→ **ABOUT THIS EXERCISE**
Only the lines from the one holding "Äußerlich besticht die" to the end of the data should be echoed, exactly as they appear, minus the pictures.

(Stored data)

======

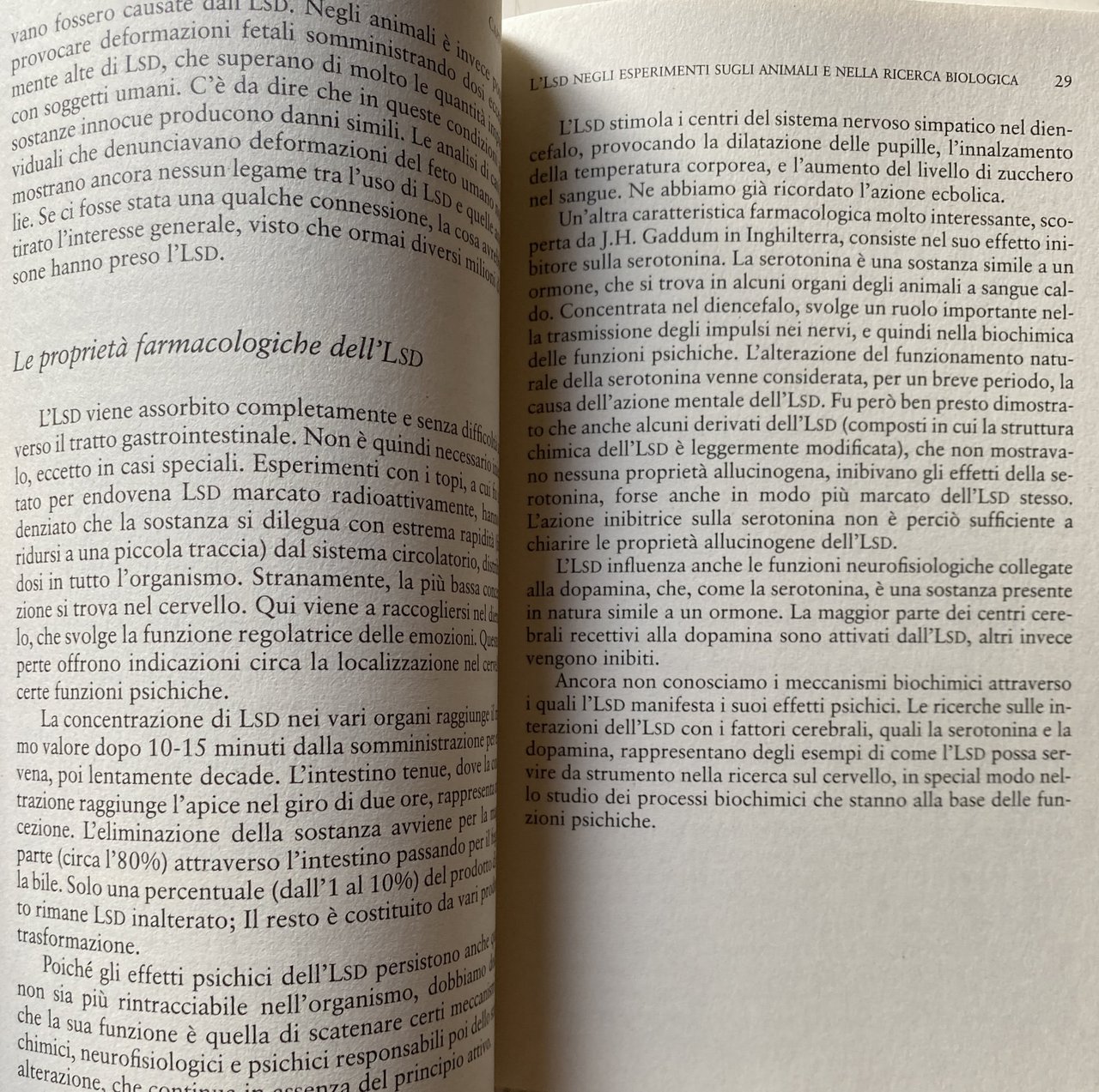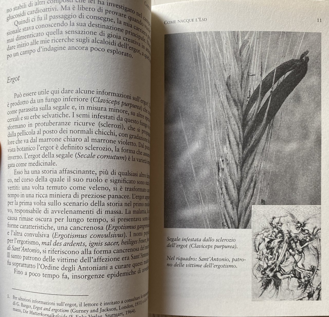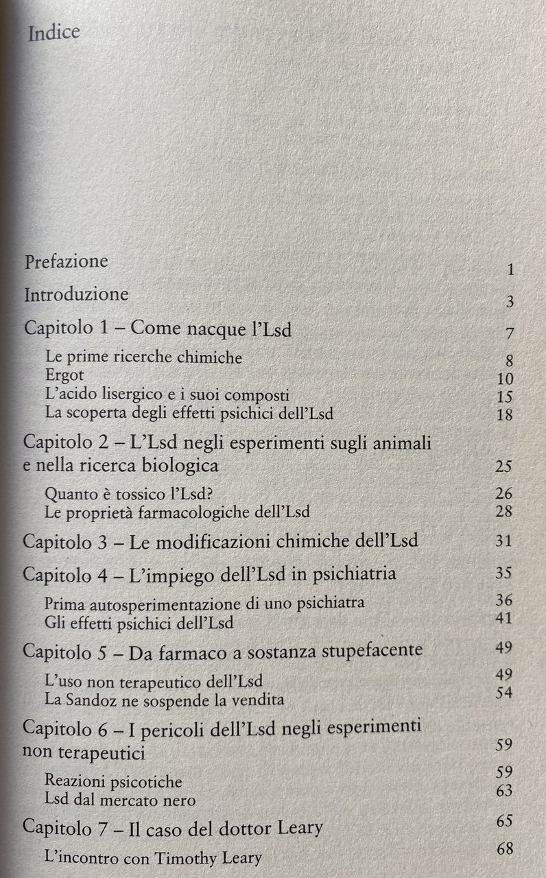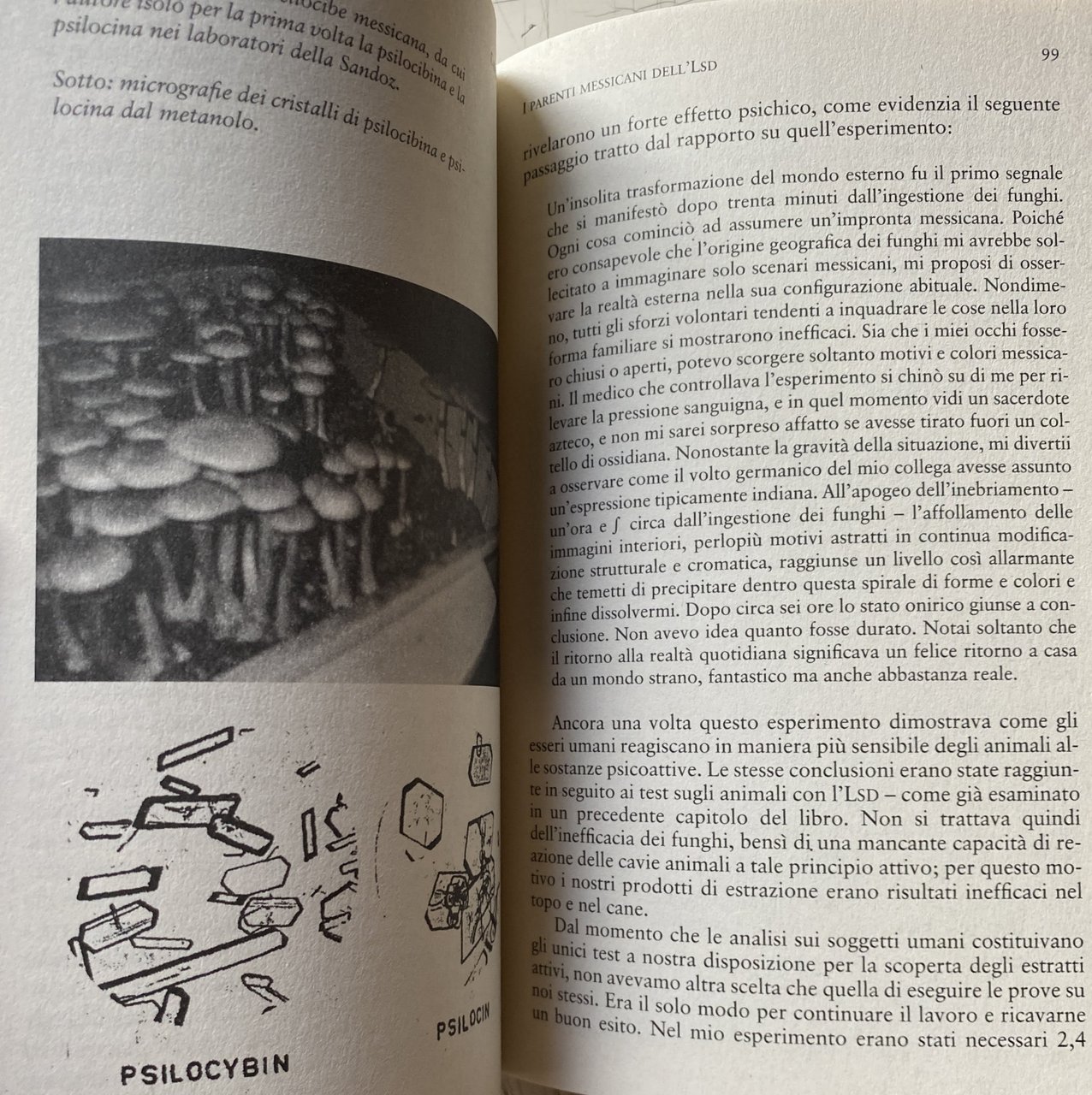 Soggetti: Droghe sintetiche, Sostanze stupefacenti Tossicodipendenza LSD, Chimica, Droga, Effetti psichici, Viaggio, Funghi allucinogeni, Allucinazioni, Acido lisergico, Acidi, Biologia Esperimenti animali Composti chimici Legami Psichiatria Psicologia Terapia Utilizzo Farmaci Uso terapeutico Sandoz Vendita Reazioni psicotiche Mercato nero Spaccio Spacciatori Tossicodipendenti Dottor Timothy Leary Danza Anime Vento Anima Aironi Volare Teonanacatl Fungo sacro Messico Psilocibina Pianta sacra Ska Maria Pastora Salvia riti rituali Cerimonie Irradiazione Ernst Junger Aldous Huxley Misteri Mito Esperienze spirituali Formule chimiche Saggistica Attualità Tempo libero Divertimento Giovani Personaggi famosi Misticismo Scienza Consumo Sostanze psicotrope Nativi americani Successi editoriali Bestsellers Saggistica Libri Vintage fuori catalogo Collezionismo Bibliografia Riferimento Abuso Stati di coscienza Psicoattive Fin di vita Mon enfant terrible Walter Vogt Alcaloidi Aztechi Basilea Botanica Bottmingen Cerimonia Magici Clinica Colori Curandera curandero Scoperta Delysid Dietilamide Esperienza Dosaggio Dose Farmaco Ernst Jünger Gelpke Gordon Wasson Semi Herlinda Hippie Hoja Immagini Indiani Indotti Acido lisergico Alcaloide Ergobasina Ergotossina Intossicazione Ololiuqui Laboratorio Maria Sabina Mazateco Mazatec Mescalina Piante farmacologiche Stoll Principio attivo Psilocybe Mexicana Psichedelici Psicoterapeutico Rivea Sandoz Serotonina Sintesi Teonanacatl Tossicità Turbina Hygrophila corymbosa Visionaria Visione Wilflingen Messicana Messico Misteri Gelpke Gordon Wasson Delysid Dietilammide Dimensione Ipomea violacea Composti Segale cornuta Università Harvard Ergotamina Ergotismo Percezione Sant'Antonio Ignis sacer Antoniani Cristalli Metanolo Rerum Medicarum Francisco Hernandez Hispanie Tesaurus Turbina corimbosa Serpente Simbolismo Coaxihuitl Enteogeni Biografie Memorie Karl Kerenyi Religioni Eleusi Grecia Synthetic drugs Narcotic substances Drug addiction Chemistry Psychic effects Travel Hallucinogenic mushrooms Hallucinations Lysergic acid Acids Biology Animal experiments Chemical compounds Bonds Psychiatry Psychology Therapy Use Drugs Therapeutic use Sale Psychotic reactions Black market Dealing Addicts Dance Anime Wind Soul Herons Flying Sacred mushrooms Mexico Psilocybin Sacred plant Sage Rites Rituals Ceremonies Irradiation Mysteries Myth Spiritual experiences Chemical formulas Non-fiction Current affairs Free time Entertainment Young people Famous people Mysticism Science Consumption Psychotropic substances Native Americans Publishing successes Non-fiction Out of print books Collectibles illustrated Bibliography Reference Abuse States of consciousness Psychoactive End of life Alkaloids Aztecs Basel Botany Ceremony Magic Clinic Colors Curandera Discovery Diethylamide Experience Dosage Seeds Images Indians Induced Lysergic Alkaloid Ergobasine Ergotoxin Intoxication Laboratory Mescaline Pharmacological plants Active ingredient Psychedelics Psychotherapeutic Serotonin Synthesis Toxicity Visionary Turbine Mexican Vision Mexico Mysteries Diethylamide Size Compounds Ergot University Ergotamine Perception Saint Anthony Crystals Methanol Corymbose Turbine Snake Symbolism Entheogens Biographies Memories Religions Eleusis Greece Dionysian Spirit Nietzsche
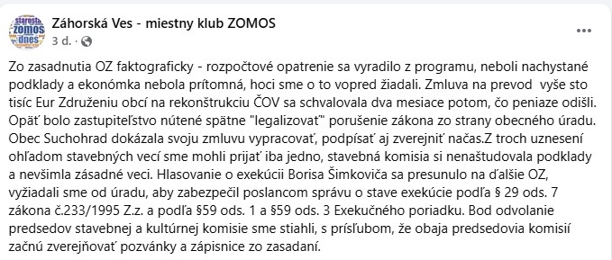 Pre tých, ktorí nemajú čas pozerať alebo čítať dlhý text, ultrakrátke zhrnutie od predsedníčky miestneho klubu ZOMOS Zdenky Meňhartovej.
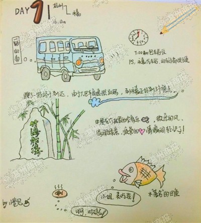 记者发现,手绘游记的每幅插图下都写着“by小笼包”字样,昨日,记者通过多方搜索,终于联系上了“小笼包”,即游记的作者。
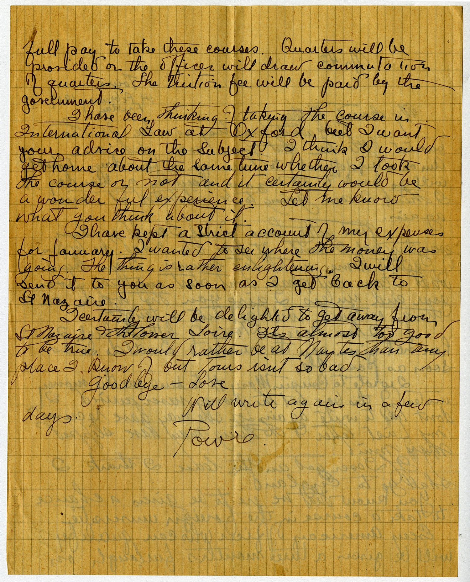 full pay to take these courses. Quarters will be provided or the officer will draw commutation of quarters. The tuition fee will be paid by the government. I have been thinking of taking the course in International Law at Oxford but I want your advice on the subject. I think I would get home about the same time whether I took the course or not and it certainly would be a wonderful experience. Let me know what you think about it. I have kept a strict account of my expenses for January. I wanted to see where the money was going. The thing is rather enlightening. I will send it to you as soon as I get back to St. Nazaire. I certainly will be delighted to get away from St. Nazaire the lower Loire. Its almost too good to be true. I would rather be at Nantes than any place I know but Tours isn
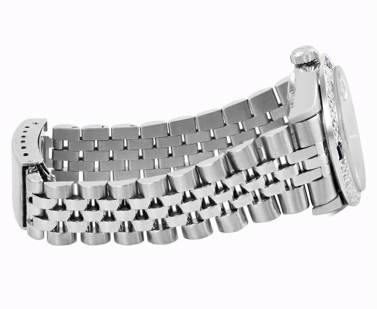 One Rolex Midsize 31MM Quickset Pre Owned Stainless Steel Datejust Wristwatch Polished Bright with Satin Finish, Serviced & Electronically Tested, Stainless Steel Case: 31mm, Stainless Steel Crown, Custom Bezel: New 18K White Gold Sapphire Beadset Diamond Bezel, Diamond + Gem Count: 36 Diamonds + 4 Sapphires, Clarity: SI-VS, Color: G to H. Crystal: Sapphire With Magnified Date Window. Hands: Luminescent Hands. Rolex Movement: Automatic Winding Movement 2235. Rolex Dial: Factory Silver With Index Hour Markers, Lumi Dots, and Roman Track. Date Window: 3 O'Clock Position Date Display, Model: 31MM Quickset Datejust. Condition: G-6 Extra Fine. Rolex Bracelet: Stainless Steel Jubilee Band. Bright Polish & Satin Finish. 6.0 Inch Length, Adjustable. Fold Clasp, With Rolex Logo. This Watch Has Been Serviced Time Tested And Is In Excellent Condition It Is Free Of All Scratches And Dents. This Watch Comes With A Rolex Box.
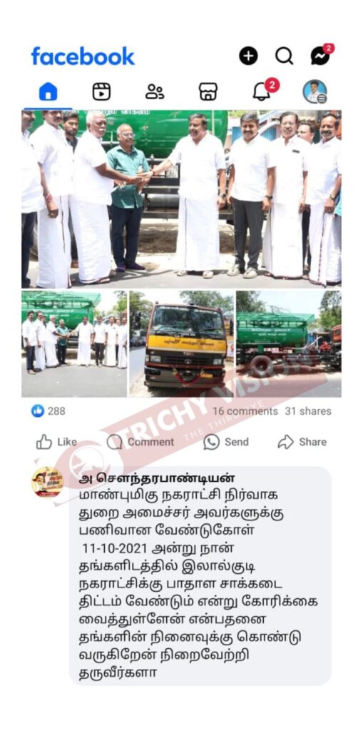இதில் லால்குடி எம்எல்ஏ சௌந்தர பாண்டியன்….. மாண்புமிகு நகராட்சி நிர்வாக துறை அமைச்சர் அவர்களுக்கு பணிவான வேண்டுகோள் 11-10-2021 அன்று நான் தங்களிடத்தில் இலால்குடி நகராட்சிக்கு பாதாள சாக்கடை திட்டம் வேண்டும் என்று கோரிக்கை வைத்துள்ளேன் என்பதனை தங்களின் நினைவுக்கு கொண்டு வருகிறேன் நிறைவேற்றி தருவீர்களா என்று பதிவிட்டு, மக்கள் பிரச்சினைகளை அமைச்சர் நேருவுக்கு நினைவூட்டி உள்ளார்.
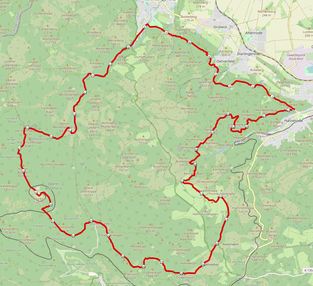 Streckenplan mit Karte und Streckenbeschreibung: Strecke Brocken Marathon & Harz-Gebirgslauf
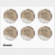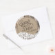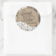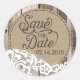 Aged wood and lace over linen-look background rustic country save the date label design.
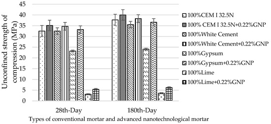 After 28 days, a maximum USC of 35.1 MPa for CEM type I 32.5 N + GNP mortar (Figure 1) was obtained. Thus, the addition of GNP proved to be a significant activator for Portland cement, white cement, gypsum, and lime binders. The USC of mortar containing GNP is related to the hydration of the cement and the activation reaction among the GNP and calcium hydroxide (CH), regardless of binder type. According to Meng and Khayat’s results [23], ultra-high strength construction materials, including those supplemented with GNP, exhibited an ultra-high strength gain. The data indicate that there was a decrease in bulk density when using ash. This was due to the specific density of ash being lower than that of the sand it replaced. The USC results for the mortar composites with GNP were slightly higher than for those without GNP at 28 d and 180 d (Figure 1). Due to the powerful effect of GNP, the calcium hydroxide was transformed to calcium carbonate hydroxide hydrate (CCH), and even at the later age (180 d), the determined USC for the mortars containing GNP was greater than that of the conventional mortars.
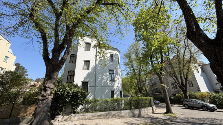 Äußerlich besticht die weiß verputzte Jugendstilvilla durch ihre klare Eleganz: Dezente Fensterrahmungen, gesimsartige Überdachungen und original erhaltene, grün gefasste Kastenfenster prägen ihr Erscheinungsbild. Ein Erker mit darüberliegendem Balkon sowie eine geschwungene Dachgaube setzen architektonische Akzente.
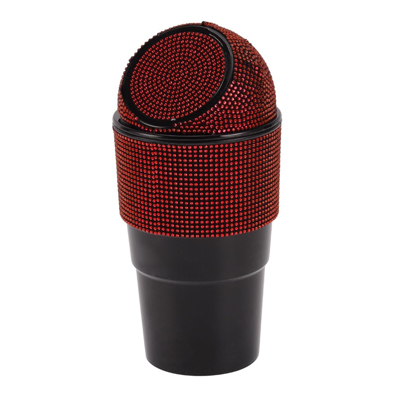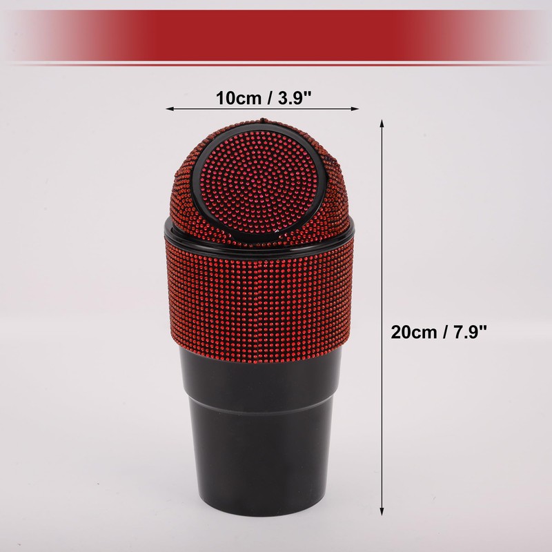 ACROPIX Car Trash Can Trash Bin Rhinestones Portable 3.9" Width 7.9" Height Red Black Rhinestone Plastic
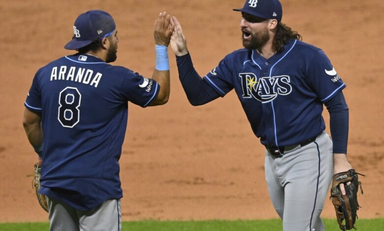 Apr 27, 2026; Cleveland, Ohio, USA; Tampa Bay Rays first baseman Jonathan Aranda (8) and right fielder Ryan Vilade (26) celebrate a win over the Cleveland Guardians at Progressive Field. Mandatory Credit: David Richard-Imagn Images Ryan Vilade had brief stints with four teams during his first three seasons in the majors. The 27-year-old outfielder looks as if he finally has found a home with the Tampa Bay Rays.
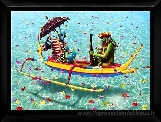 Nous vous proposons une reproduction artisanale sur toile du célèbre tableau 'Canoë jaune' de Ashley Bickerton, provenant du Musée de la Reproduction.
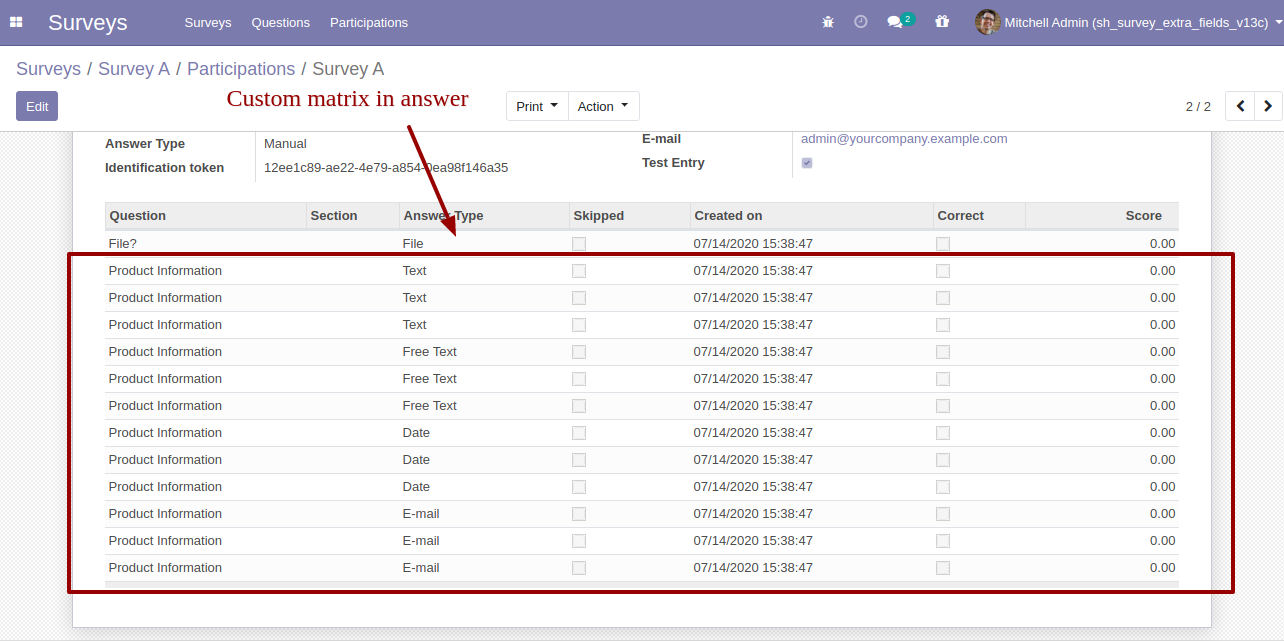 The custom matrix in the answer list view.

======

→ **TASK RESPONSE**
 Äußerlich besticht die weiß verputzte Jugendstilvilla durch ihre klare Eleganz: Dezente Fensterrahmungen, gesimsartige Überdachungen und original erhaltene, grün gefasste Kastenfenster prägen ihr Erscheinungsbild. Ein Erker mit darüberliegendem Balkon sowie eine geschwungene Dachgaube setzen architektonische Akzente.
 ACROPIX Car Trash Can Trash Bin Rhinestones Portable 3.9" Width 7.9" Height Red Black Rhinestone Plastic
 Apr 27, 2026; Cleveland, Ohio, USA; Tampa Bay Rays first baseman Jonathan Aranda (8) and right fielder Ryan Vilade (26) celebrate a win over the Cleveland Guardians at Progressive Field. Mandatory Credit: David Richard-Imagn Images Ryan Vilade had brief stints with four teams during his first three seasons in the majors. The 27-year-old outfielder looks as if he finally has found a home with the Tampa Bay Rays.
 Nous vous proposons une reproduction artisanale sur toile du célèbre tableau 'Canoë jaune' de Ashley Bickerton, provenant du Musée de la Reproduction.
 The custom matrix in the answer list view.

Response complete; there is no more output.